Новости о странном молодом индусе, у которого не хватает мизинца и который открыл в Техасе ретрит, но при этом – вот чудо! – никого никуда силой не тащит, разлетелись мгновенно.
«Съезди-ка посмотри, что там такое, Оливия, Ханна, Рейчел, покопайся в грязном белье», – говорили редакторы.
Я стал знаменитостью. Им казалось, что я слишком хорош и так не бывает. Однако я всех убедил. Я не скрывал прошлого. Мне случалось причинять людям боль. Но я старался исправиться.
Журналы, веб-сайты для белых миллениалов, которые с уважением относятся к представителям всех рас, телепередачи – все они накинулись на меня как хищники. А на выходные я бесплатно приглашал к себе влиятельных блогеров.
Дисциплина у меня была железная. Никакого дуракаваляния. Только гулять, разговаривать, работать, поститься.
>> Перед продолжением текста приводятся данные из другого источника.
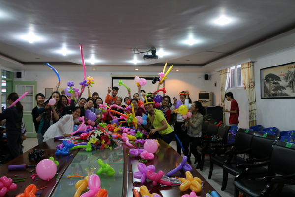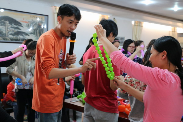 “授之以鱼,不如授之以渔”。杨老师对大家的培训也是花了不少心思,通过最简单的方法给大家带来最实用的技能。通过“小花”和“佛珠”的造型练习,教给大家两个基本的拧气球手法。老师们兴趣浓厚,虚心学习,拿着气球一遍又一遍的进行尝试。拧气球看似简单,但还需要技术与技巧,一不小心气球就可能爆开。接着,杨老师开始教大家变化出各种的造型,杨老师说:“拧气球是需要想象力的,通过这些基本的手法,我们可以创造出各种的好玩的东西。”大家在杨老师的鼓励下,越拧越起劲,整个会场笑声不断,大家兴致高涨,既害怕炸开,又放不下手中的气球,最后一个个有趣生动的气球造型呈现在老师们手中。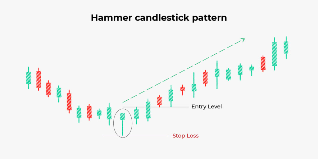 A hammer is a candlestick pattern that consists of one candlestick. It has a small body that is at least two times smaller than the lower shadow. It appears at the end of the bearish trend. As the lower shadow is long and the body is small, it’s a sign bears didn’t have the strength to pull the price further. You could draw a resistance line above the hammer candlestick and enter the market if the price broke above it. A stop-loss order could be slightly below the lowest value of the hammer.

Я отрастил волосы. Стал носить оранжевое, как шафрановые. Поднял цены, сперва до пятисот долларов в неделю, потом до тысячи; еще я всегда бесплатно пускал к себе бродяг, беспризорников, случайных гостей. Поставил неподалеку от дома палатки с обогревателями на солнечных батареях и душами с дождевой водой. Наши прогулки продолжались по три часа. Мы подкрепляли силы ритуально очищенной минеральной водой. Телефоны я отбирал. Мы беседовали о прощении и о том, что главное – быть верным себе настоящему.
Я завел аккаунты в Инстаграме, Твиттере, Фейсбуке, но хранил загадочность. Снимал высокохудожественные фотографии: руки соприкоснулись в пыли, следы ног на песке, угли костра в сумерках. А рекламу мне делали СМИ. Я принимал гостей, руководителей и менеджеров среднего звена, наставлял их на путь самосовершенствования. К концу недели они сияли от благодарности, тяжелой работы и душевного спокойствия. Я заставил их вырубить кустарники и поставил там еще палатки. На ужин мы подавали веганские буррито и за вечерними разговорами разрешали выкурить косячок-другой псевдогималайской травы.
Я купался в деньгах.
Понятия не имею, почему еще не все индусы взялись за это дело. Белые же буквально напрашиваются.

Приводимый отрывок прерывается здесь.